TEEN ACTION RECORDS was nice enough to send a mass of audio for me to review.
AL QUEDA / DEMONOLOGISTS c9
A shiny silver cassette comes in standard jewel case with xeroxed artwork.
AL QUEDA starts their side with a sluggish beat, before all hell breaks loose. Wild guitar, hideous vocals, and the same blown out beat, along with huge amounts of white noise. The track cuts suddenly and another starts. It is soon evident that their side contains several short tracks. The second track begins with a rock riff that slowly is buried under piles of HNW static. It is immediately followed by a looping rumbling noise, a reverberated guitar loop, and metal pulsing and scraping as the third track. The fourth track is cut up screaming, metal chugging and buried drums, metal screeching and looping, whole track seems like one big loop. The last track contains beautiful looping ambience, squirming tadpole glitching laid overtop. The ambience fades and the glitching continues. Each track seems like a preview for something greater. Ideas and thoughts sketched out. It would have been nice to hear the continuation of ONE of these tracks on the cassette that took up the entire 4.5 minute duration, but the schizophrenic noisecore blast quality is nice, especially out of the context of noisecore.
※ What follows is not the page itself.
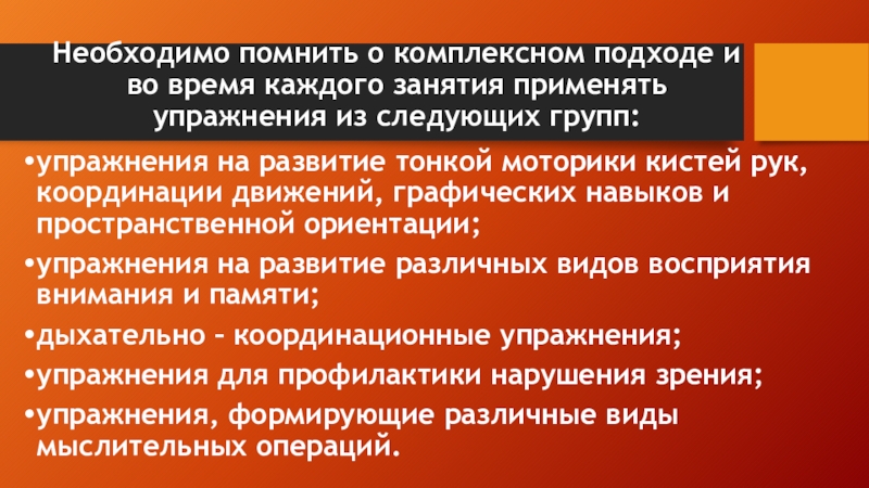 упражнения на развитие тонкой моторики кистей рук, координации движений, графических навыков и пространственной ориентации;

DEMONOLISTS side starts with high pitched pulsating hissing that starts to blur and gain more low end, evolving into a more chunky, HNW style wall. It gains an almost scraping-like high pitched static blast over top of the wall, which now sounds like the pulse from a dying cassette recorder. The wall marches on, grainy, but gains what sounds to be an almost hallow quality to it- a father away feedback sound that isn't as close as the static is in the forefront, that drones away as the wall crunches and burns. The wall gains sub-bass that compresses the sound of the track and creates even more tension. Somehow DEMONOLOGISTS have created a blackened wall of torture that fades into nothing.
5/5, a very interesting listen
ALLEIN LUDDITE Untitled c40
Sweet black latex packaging holds small xeroxed insert and black cassette.
Side A begins with what sounds like the failed inflation of a balloon in a tight chamber. The struggle to blow up the balloon, the squeak of pressed lips, the shrill and frequency of saliva blowing, that begins to crackle as the blowing intensifies. Slowly the sounds seem as if they are coming from both above and below water, the blowing still heard, but the pulse and pop of bubbles from below greatly present. The blowing becomes almost rhythmic, turning from the squeaking of lips to the squeaking of a voice. The bubbles become greater and of more volume, their popping becoming more and more important.
The next track sounds like junk guitar and the tapping of metal. It then turns into a more junk-oriented affair, the scraping sounds like multiple items upon the guitar. It then moves into an almost bow-like sound moving back and forth across the strings, to the point of what sounds like almost breaking. The guitar sounds like it actually gets turned ON and plugged in, the E string down-tuned, being bowed, while more junk is being tossed and thrown and rubbed against the guitar. The guitar drones low and full of bass, the junk calms. The junk stops and the guitar droning gets deeper and more concentrated, it sounds like a fat synthesizer.
The B-Side starts with more junk sounds, piling on top of each other. The tension of strings is heard overtop all of the junk. It continues on and generally sounds like the two previous guitar tracks.
The next track picks up in a similar vein to the first track, but instead of bubbles scraping and screeching. The tense scurrying fades and turns into longer drawn out drones that begin to gradually get more and more choppy. There is a dichotomy between lower bowel drones and high static-driven blown out scraping.
A wide atmosphere and metal on metal taping with long echo trails is found on the following track. This is by far the most moody of the improvisations, a hostile bare environment where every detail is important. The hits die down for a short period, before coming back, closer, with longer reverb trails sending the listener deeper into the abyss. The tapping becomes faster, the droning ceases, and a sort of faux-rhythm is formed with the frequency of the beats, before fading.
I find the cassette to be a little drawn out, and some of the tracks drag on for just long enough to become trite. Some decent concepts float about on the cassette, and the final track on the B side (Metal Sheets) seems to be the most (seemingly) thought out of the pieces.